(DATA SUPPLIED begins)
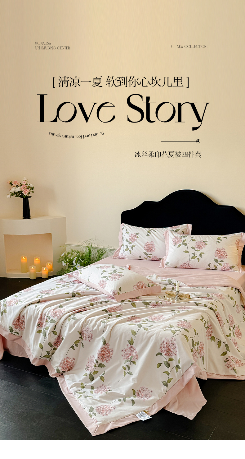 (总)迷尚家居 2026新款冰丝柔夏被四件套,安妮,丛草集,丹青,等风来,花田兔粉,花田兔紫,开心熊,凯西亚,绿野,莫奈花园,南乔,盛夏,水韵紫,松香,未央,绣球,伊利莎,郁金香绿,郁梦蓝,云兮
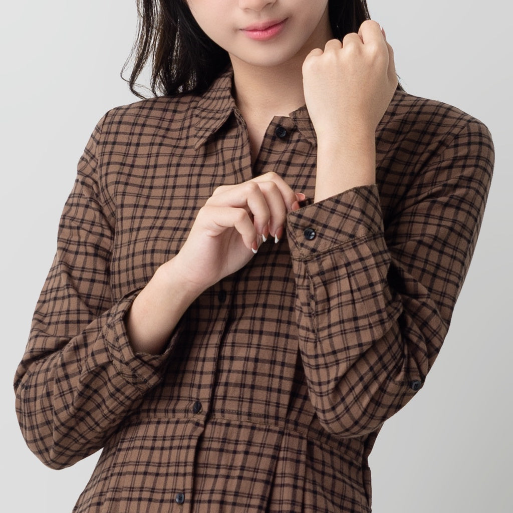 Benhill Gamis Wanita Flannel Lengan Panjang Kotak Coklat 1155-11530
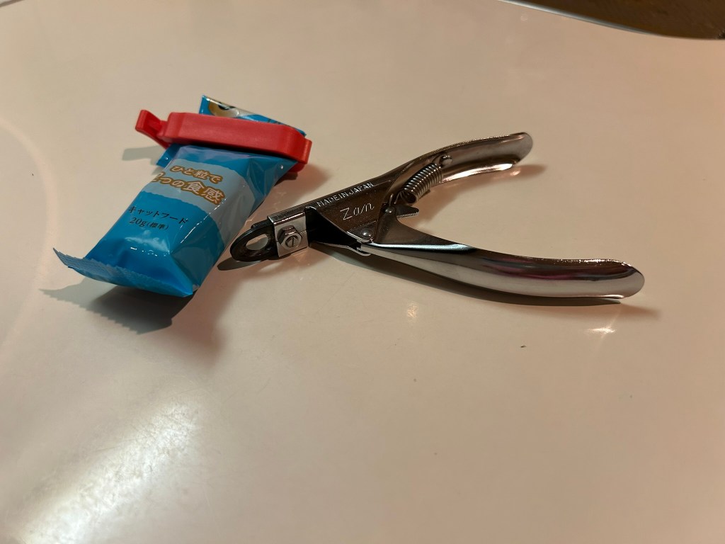その時の必須アイテムは、爪切りとおやつです。
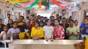 आगरा। जीवनी मंडी स्थित श्री खाटू श्याम जी मंदिर में शनिवार को जन्माष्टमी महोत्सव का आयोजन भव्यता और श्रद्धा के साथ किया गया। पूरा मंदिर परिसर रंग-बिरंगे विदेशी फूलों, टॉफी-चॉकलेट और खिलौनों से सजाया गया था। इत्र की सुगंध से महकते वातावरण में भक्तों ने देर रात तक भक्ति और उत्सव का आनंद लिया।
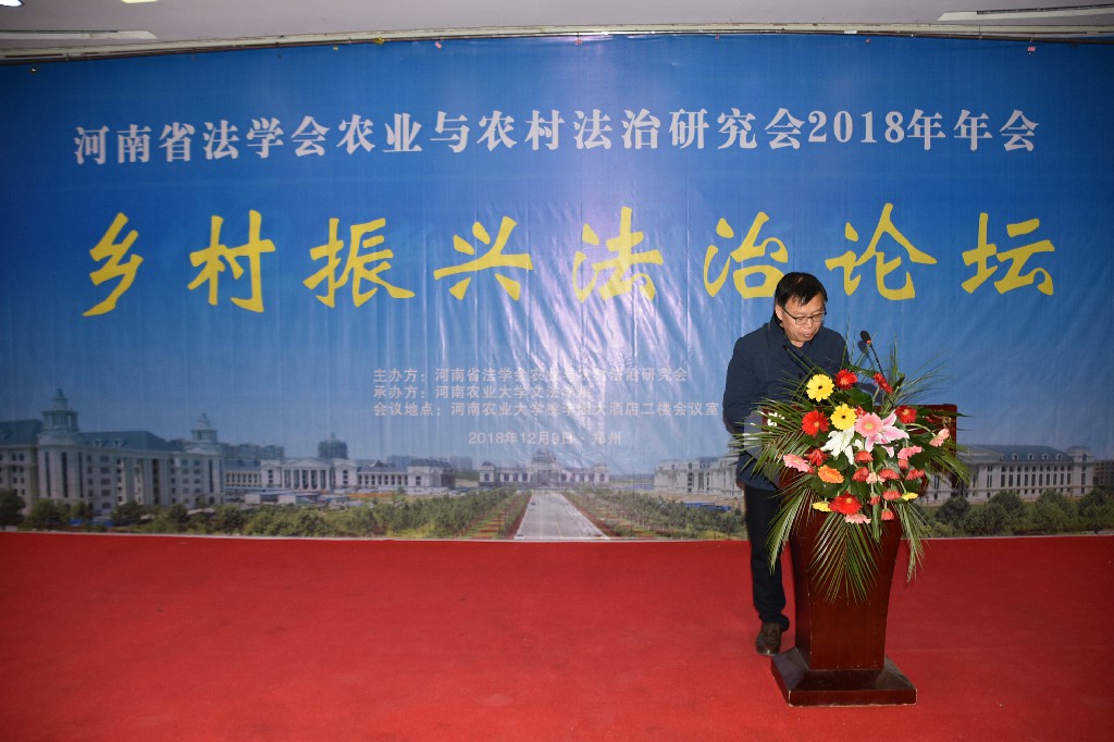 12月9日,由河南省法学会农业农村法治研究会主办、91porn 承办的“省法学会农业农村法治研究会2018年年会暨乡村振兴法治论坛”在91porn 召开。河南农业大学副校长杨喜田教授、河南省法学会谢德安副会长、省政府参事、农业与农村法治研究会胡向阳会长,以及来自省内各高校的专家学者、政府机构及实务部门的相关人员参加了此次会议。
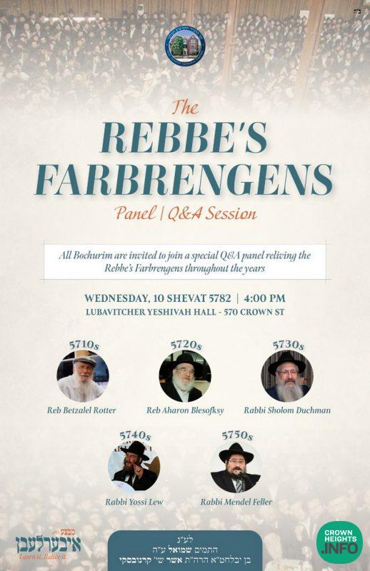 After spending their morning learning and visiting the Rebbe’s Ohel, Bochurim are invited to join a special panel reliving the Rebbe’s Farbrengens throughout the years with featured panelists: Reb Betzalel Rotter, Reb Aharon Blesofksy, Rabbi Sholom Duchman, Rabbi Yossi Lew, and Rabbi Mendel Feller. The panel will be held in the Lubavitcher Yeshivah Hall at 4:00 PM.
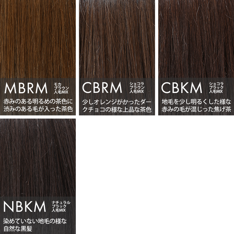 MBRM.モカブラウン 人毛ミックス CBRM.ショコラブラウン 人毛ミックス CBKM.ショコラブラック 人毛ミックス NBKM.ナチュラルブラック 人毛ミックス
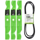 Replaces Blade OEM Part Numbers: Cub Cadet 490-110-C123, 490-110-M126, 742-04053, 742-04053A, 742-04053B, 742-04053C, 942-04053, 942-04053A, 942-04053B, 942-04053C, 942-04053H, OCC-742-04053 Replaces Belt OEM Part Numbers: Cub Cadet 754-04044, 754-04044A, 954-04044, 954-04044A, Massey Ferguson 954-04044, MTD 754-04044, 954-04044, 954-04044A, Rover 754-04044, 954-04044, 954-04044A, Troy Compatible with 50 Inch Cub Cadet RZT-22, RZT-50, RZT50KH, RZT50KW; MTD White ZT-22, Troy Bilt Mustang XP, RZT50 Blade Specs: Lift Type High Lift; Length 17.812 Inch; Width 2.375 Inch; Thickness 0.1875 Inch; Center Hole Size 6 point star Belt Specs: Length 134 Inch; Width 0.5 Inch; Material NR Rubber, Polyester Cord, Type 1 Fabric
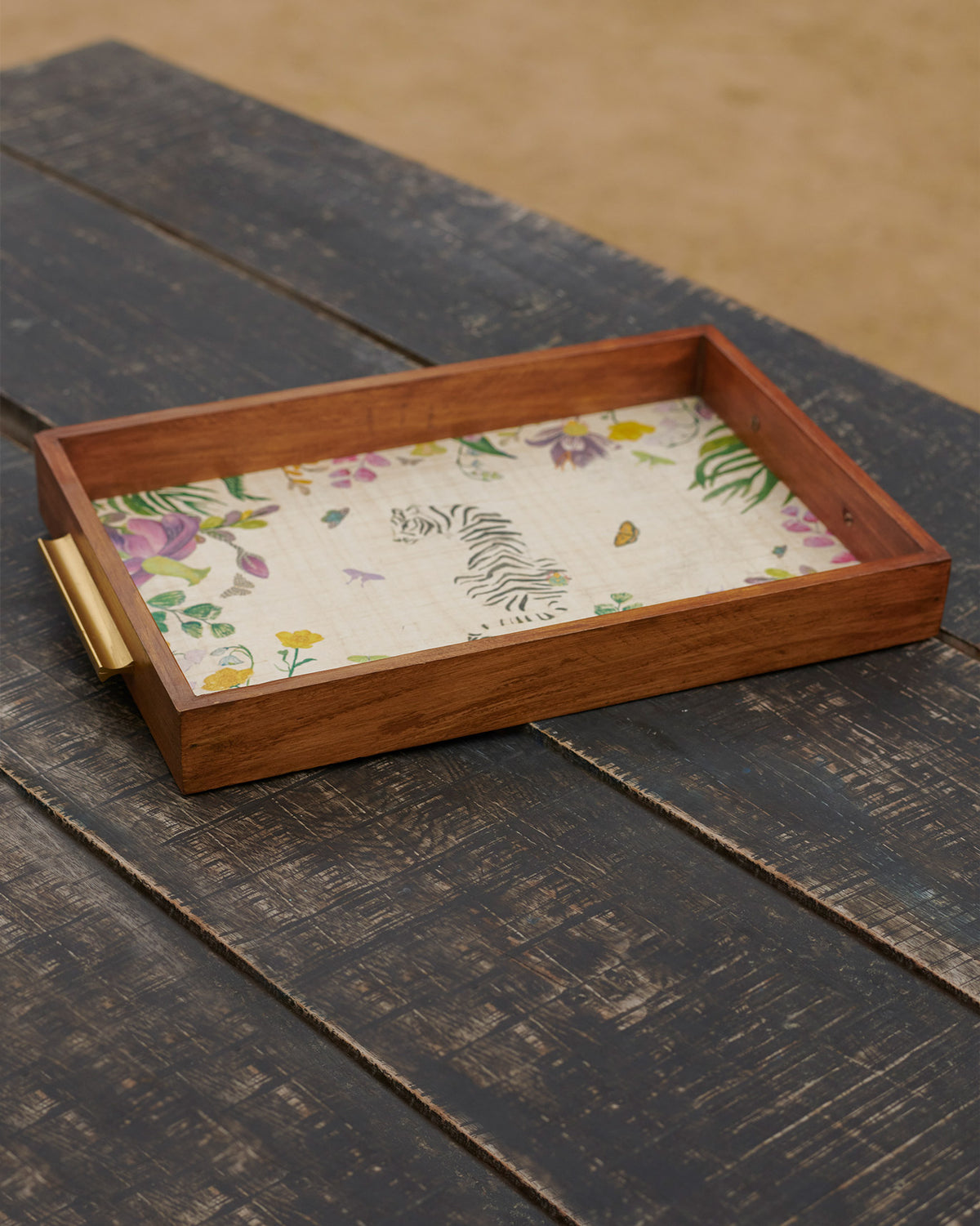 - A wooden tray, the print borrows from a valley of flowers and the life that teems within it
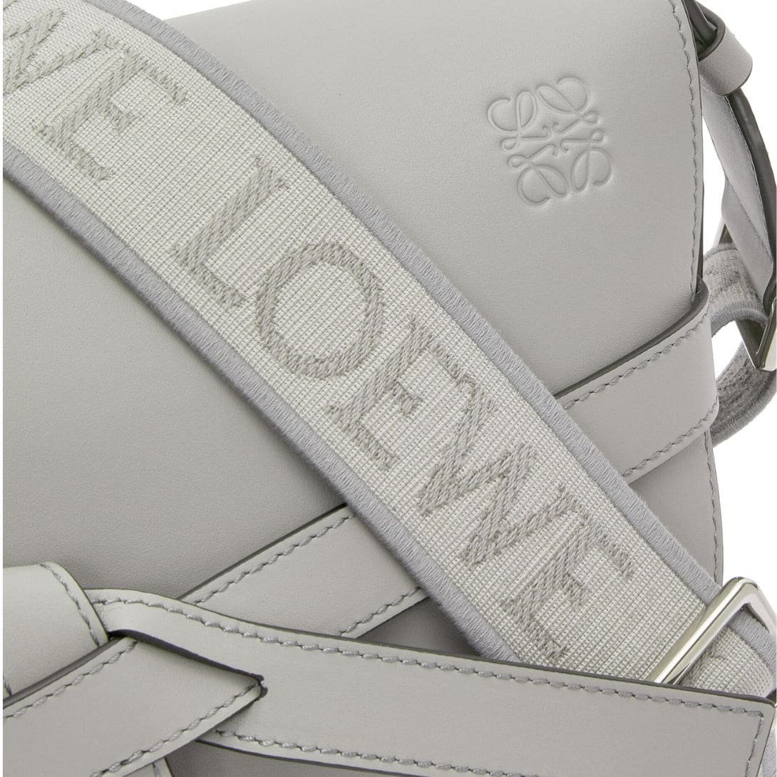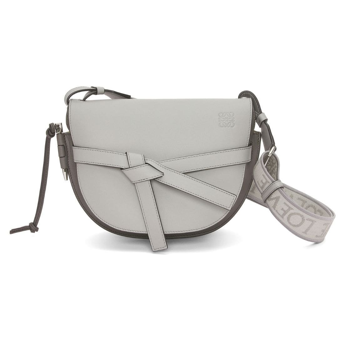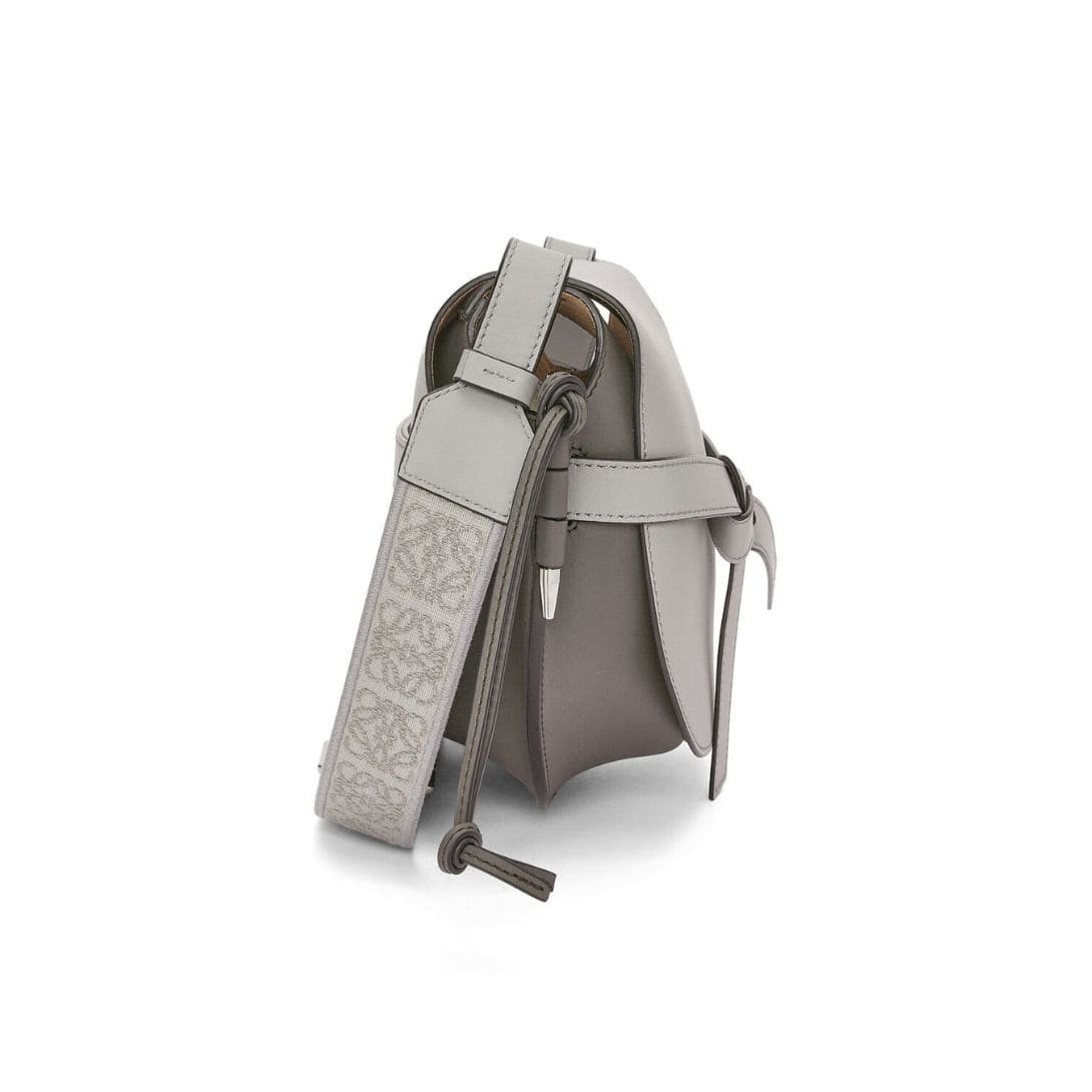 In summary, the LOEWE Gate Bag in Pearl Gray and Dark Gray is a stylish and practical accessory. With its premium materials, adjustable strap, and spacious interior, it offers both functionality and elegance for the modern individual.
(DATA SUPPLIED ends)
* [TASK REQUIREMENTS]
In the records above, find the line containing "आगरा। जीवनी मंडी" and the line containing "MBRM.モカブラウン 人毛ミックス CBRM.ショコラブラウン", then give both of them again word for word along with every line between. Omit any pictures.

* [RESPONSE BOX]
 आगरा। जीवनी मंडी स्थित श्री खाटू श्याम जी मंदिर में शनिवार को जन्माष्टमी महोत्सव का आयोजन भव्यता और श्रद्धा के साथ किया गया। पूरा मंदिर परिसर रंग-बिरंगे विदेशी फूलों, टॉफी-चॉकलेट और खिलौनों से सजाया गया था। इत्र की सुगंध से महकते वातावरण में भक्तों ने देर रात तक भक्ति और उत्सव का आनंद लिया।
 12月9日,由河南省法学会农业农村法治研究会主办、91porn 承办的“省法学会农业农村法治研究会2018年年会暨乡村振兴法治论坛”在91porn 召开。河南农业大学副校长杨喜田教授、河南省法学会谢德安副会长、省政府参事、农业与农村法治研究会胡向阳会长,以及来自省内各高校的专家学者、政府机构及实务部门的相关人员参加了此次会议。
 After spending their morning learning and visiting the Rebbe’s Ohel, Bochurim are invited to join a special panel reliving the Rebbe’s Farbrengens throughout the years with featured panelists: Reb Betzalel Rotter, Reb Aharon Blesofksy, Rabbi Sholom Duchman, Rabbi Yossi Lew, and Rabbi Mendel Feller. The panel will be held in the Lubavitcher Yeshivah Hall at 4:00 PM.
 MBRM.モカブラウン 人毛ミックス CBRM.ショコラブラウン 人毛ミックス CBKM.ショコラブラック 人毛ミックス NBKM.ナチュラルブラック 人毛ミックス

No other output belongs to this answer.